Hbase Debugging · Banno Docs

Hbase Resources

Production hbase

Hbase grafana dashboard

Hbase master status page

Master status page

Note: You must be on vpn and you must update yours hosts file(see below) for these to work

master

To load each regionserver status page scroll down and click each link.

Production hbase hosts

You will need to insert these values into your /etc/hosts file

10.211.12.12    LKSBNMASTER02
10.211.12.22    LKSBNDATANODE02
10.211.12.23    LKSBNDATANODE03
10.211.12.24    LKSBNDATANODE04
10.211.12.25    LKSBNDATANODE05
10.211.12.26    LKSBNDATANODE06
10.211.12.27    LKSBNDATANODE07
10.211.12.28    LKSBNDATANODE08

Staging and UAT Hbase

Both staging and thunderdome are currently deployed as a stand alone hbase, which means that their regionserver and master server reside on the same node.

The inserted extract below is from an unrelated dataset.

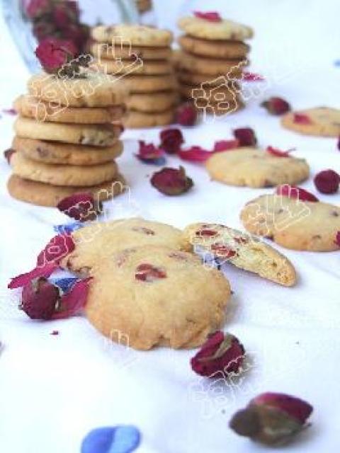 低筋面粉100克,玉米淀粉20克,糖粉30-40克,黄油90克,干玫瑰花茶8克

Staging Hbase - hbase0-lks.staging-2.banno-internal.com Staging master status Staging region server status:

UAT Hbase - http://hbase0-lks.uat-2.banno-internal.com UAT master status UAT region server status:

Restarting hbase

$ ssh hbase0-lks.staging-2.banno-internal.com
adam@staginghbase1:~$ sudo -s
[sudo] password for adam:
root@staginghbase1:/home/adam# /etc/init.d/hadoop-hbase-master stop
root@staginghbase1:/home/adam# /etc/init.d/hadoop-hbase-regionserver stop
root@staginghbase1:/home/adam# /etc/init.d/hadoop-hbase-master start
root@staginghbase1:/home/adam# /etc/init.d/hadoop-hbase-regionserver start

If hbase services do not stop normally above you can kill them by user

root@staginghbase1:/home/adam# sudo pkill -u hbase

Restarting an HBase Regionserver gracefully

On the node:

/usr/lib/hbase/bin/graceful_stop.sh `hostname`
if running into a region that gets stuck during it, manually assign in a hbase shell (in a differnt tab, leaving the graceful_stop still running): assign 'banno_transaction| .....|01234558.0123abcdf8'
Ctrl-C when it tries to ssh after assigning regions and stopping.
Start regionserver if necessary

General Hbase links

Troubleshooting Checklist

Check the scala errors that we are seeing, hbase related errors are most prevalent in siphon and api but can occur in Che as well. They will usually show up as either NotServingRegionExceptions or timeouts when trying to make hbase calls.
Check the grafana Graphs to ensure that the hbase cluster is receiving requests and that the compaction times are ok, you can also see if the regions are in need of a balancing from these graphs. If you are looking at the data-services graphs Spikes in the Account Context Timing most often are a result of issues with hbase calls. You will also see a corresponding increase in siphon errors.
Check the master Status page for dead regions and/or regions stuck in transition. Each will have their own section on the status page. Note: Regions in transition will on occasion have regions there and be working properly but they should not stay as a region in transition for long.
Check Region Server Status pages to ensure that the region-servers are alive and do not have any issues
Check for hbase inconsistencies on any node in the cluster with hbase hbck

Common Issues

IN PRODUCTION ENVIRONMENT THESE FIXES MUST BE DONE BY THE OPS/Infra FIREFIGHTER

Regions Stuck in Transition

Occasionally a region will gets stuck when transitioning between regionservers. You can see this by looking at the master status page and see at the bottom that there are Regions in Transition that do not go away within a couple of minutes. You will also see an error like this in the logs for apps which use hbase (api, siphon, history):

org.apache.hadoop.hbase.NotServingRegionException: org.apache.hadoop.hbase.NotServingRegionException: pending_transaction,c6c46790-7338-11e3-8ae1-005056a30036
|9223370645101975807|InstitutionPending                  |4f6293e0-900a-11e3-831b-005056a30032,1431623112470.ba71c4fb13dfbd5d687edf20cbf92431.

To fix stuck regions:

SSH onto an hbase node (see above)
Enter the shell with hbase shell
Manually assign that region to a regionserver by running assign '<full-region-name>' in the shell. An example of the full region name is shown in the log line above, it is everything after the NotServingRegionException.
- It should look something like: id_to_hbasekey,080184b3afa71516c5e62d246cd23981e79bb6eb,1443190671719.a82dc39a1e28084653f4617e0c9c147c.
- You can also get this from Right Click -> “View Source” on the hbase master status page
Repeat the process till all the stuck regions have been assigned to a region.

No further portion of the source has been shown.